Воспоминания о Японии
Шрифт:
Траур в Японии состоит в ношении, во-первых, траурного костюма, во-вторых, в воздержании от животной пищи. Самые продолжительные сроки установлены для траура по мужу и по родителям: ношение траурного костюма в этих случаях обязательно в течение 13-ти месяцев, а воздержание от животной пищи – в течение 50-ти дней. Траур по жене носится 20 дней и 20 дней не едят животной пищи; для прочих родственников эти сроки колеблются между 7 и 150 днями [12] и 3 и 30 днями.
12
последнее
В течение первой недели после похорон, священник того прихода, к которому принадлежал покойник, ежедневно является в дом, где жил последний, и молится здесь. Затем, сам, без всякого приглашения со стороны родственников, приходит сюда раз в месяц для краткой поминальной молитвы. У каждого такого священника имеется список всех семей его прихожан, с обозначением дней, в которые умер тот или другой член семьи, так что он вперед знает, где ему надо побывать. Прейдя в дом для поминальной молитвы, он прямо отправляется в самую дальнюю комнату, где находится киот с изображениями буддийских святых, и стоят таблички с посмертными именами покойных членов семьи. Здесь всегда находится одна, или несколько чашечек с рисом, который варится специально для душ покойников и меняется ежедневно. Интересно, что посуда, служащая для приготовления этого риса, лопаточка, которою он накладывается в чашечки, самые эти чашечки и даже огонь, на котором он варится, никогда не употребляются для приготовления пищи живым людям. За всем этим «покойницким», так сказать, хозяйством смотрит какая-нибудь древняя бабушка, вообще самая старая по возрасту женщина в семье. Она же убирает ту комнату, где стоять боги, и спит в ней. Впрочем, убирать эту комнату может также и молодая, чистая девушка. Священник, явившись сюда, зажигает свечи, стоящие перед образами, читает краткую поминальную молитву, тушит затем свечи, но не руками, или своим дыханием, которыми он осквернил бы святыню, а просто легким взмахом веера, получает ничтожную плату и удаляется.

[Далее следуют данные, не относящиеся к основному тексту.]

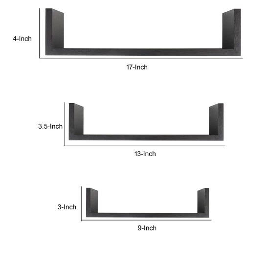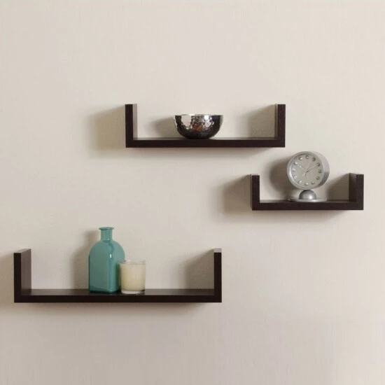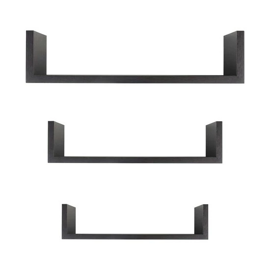 Danya B? set of 3 Nesting “U” Shelves makes space utilization efficient & is perfect for displaying your favorite books, collectibles, photos, toys, awards, CD’s, videos, decorative items and more. They can be hung with the vertical sides either up or down, according to the effect you want to create. With the vertical sides up, it is like having a built in bookend. With its contemporary espresso finish, they are the ideal accent for any living space. Easy to install with no visible connectors or hanging hardware. All hardware included. Overall measures: Large: 17 x 4 x 4″. Medium: 13 x 4 x 3.5″. Small: 9 x 4 x 3″. Danya B? is a registered trademark of Danya B Inc.

Сожжение умерших, о котором я упоминала выше, введено в Японии около 700 года нашей эры вместе с буддизмом; хотя оно и получило широкое распространение, но не вытеснило собою древнейшего туземного обычая погребения трупов в земле.

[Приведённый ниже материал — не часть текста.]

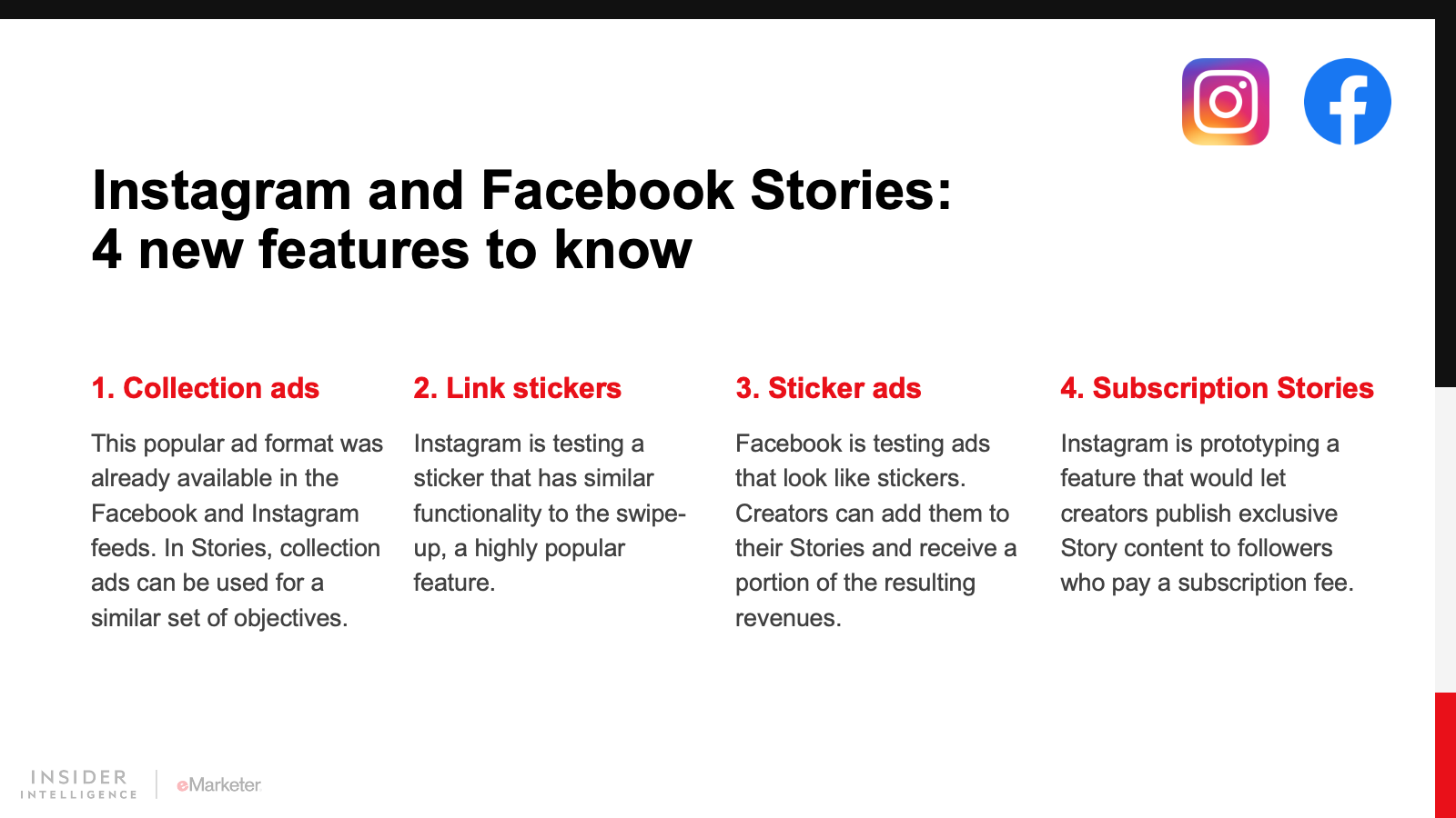 We expect Instagram and its siblings will bring more social commerce features to Stories. We also foresee more video and interactivity. The rise of short-form video is something to keep an eye on, but we believe the uniqueness of the Story format will help it solidify its place as an important venue for social media marketing.

Прежде как трупы, так и пепел от них, хоронились на городских кладбищах, находящихся в Японии с ближайшем соседстве с людскими жилищами; но при нынешнем правительстве издан был закон, позволяющий хоронить на таких кладбищах только пепел от сожженных тел, для трупов же отведены особые кладбища, вдали от жилых мест.
ГЛАВА IV. ЯПОНСКИЙ ТЕАТР
В один из февральских дней 1891 года мы отправились в Нагасакский театр. В это время приехала сюда с севера одна известная туземная труппа, и в местных газетах появилось много хороших отзывов о ней. Мы пришли около двух часов по полудни и застали последние два действия какой-то раздирательной драмы. Не стану передавать ее содержания. Скажу только, что в последних актах, на которых мы присутствовали, одному герою вонзили нож в бок, и когда вытащили этот нож из раны, кровь с него лилась ручьем; другой герой распорол себе живот и долго возился в нем саблей; эта сцена, страдальческое лице умирающего, постепенно слабеющий голос, каким он просил своего друга отрубить ему голову для прекращения его страданий, – все это так походило на действительность, было до того реально, что надолго расстроило мне нервы: и теперь еще, при воспоминании об этой сцене, мне становится как-то не по себе. Затем шла другая драма. Она называлась именем знаменитого японского художника, резчика на дереве, Хидари Джингоро. Постараюсь передать вкратце содержание этой пьесы, состоявшей из нескольких действий и картин.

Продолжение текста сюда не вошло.